Lord Popat considers himself a "child of Africa" and in January 2016 he was appointed as the Prime Minister's Trade Envoy to Rwanda and Uganda – the latter being his home country. In October 2020, the Prime Minister added the Democratic Republic of Congo to his roster. Prime Minister Boris Johnson thought that this would open various trade and investment opportunities for UK businesses in the nation. Lord Popat regularly meets with organizations and entrepreneurs to encourage bilateral trade between the UK and these countries. Emerging markets such as those within the Commonwealth offer great opportunities for the next generation of businesses in the UK.

As UK trade envoy, Lord Popat has led several British delegations to Rwanda and Uganda: one in Rwanda in March 2019 where he led a horticultural business delegation and another in Uganda in June 2019 with a delegation of agritech firms.

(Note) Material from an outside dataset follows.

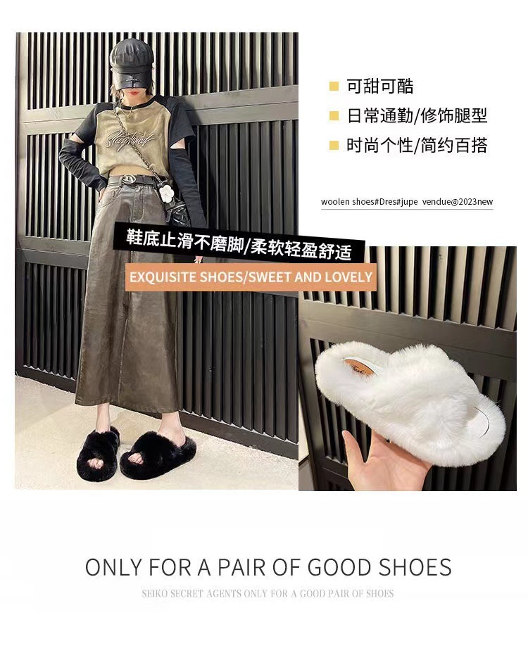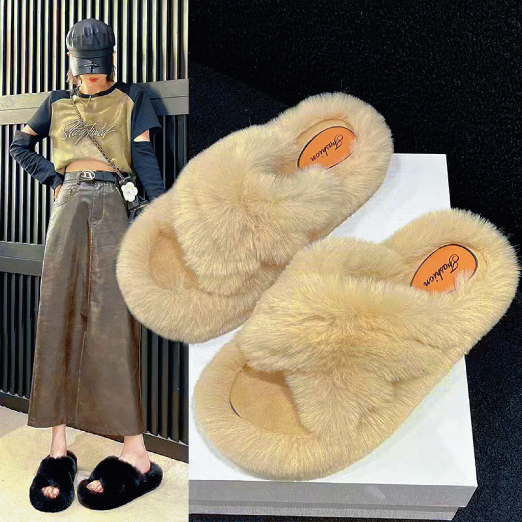 ネットセレブ人気の女性用毛皮靴、2025年秋冬新作おしゃれなお出かけ厚底ぬいぐるみ綿スリッパ

In August 2019, Lord Popat published his memoirs "A British Subject – How to make it as an immigrant in the best country in the world". The book is a love letter to Britain, the country he calls home. Upon its release, the book received a number of positive reviews. Not withstanding the title and content of his book and his documented history as a refugee who settled in the UK, in an article published 25 April 2022 on the website 'politicsathome.com' he argued that the current asylum system is abused by economic migrants. He also argued that there is good reason for others now seeking refugee status in the UK, to be sent instead to Rwanda, a country with a well documented history of genocide within its own borders.

== Personal life ==
Popat is a Hindu and follower of the teachings of Morari Bapu, whom he regards as a Guru and mentor in life. He married Sandhya (now The Lady Popat) on 19 July 1980, with whom he has three sons. He speaks four languages including Gujarati, Hindi, and Swahili, and supports Tottenham Hotspur Football Club. He has also owns a German Shepherd dog and enjoys cricket.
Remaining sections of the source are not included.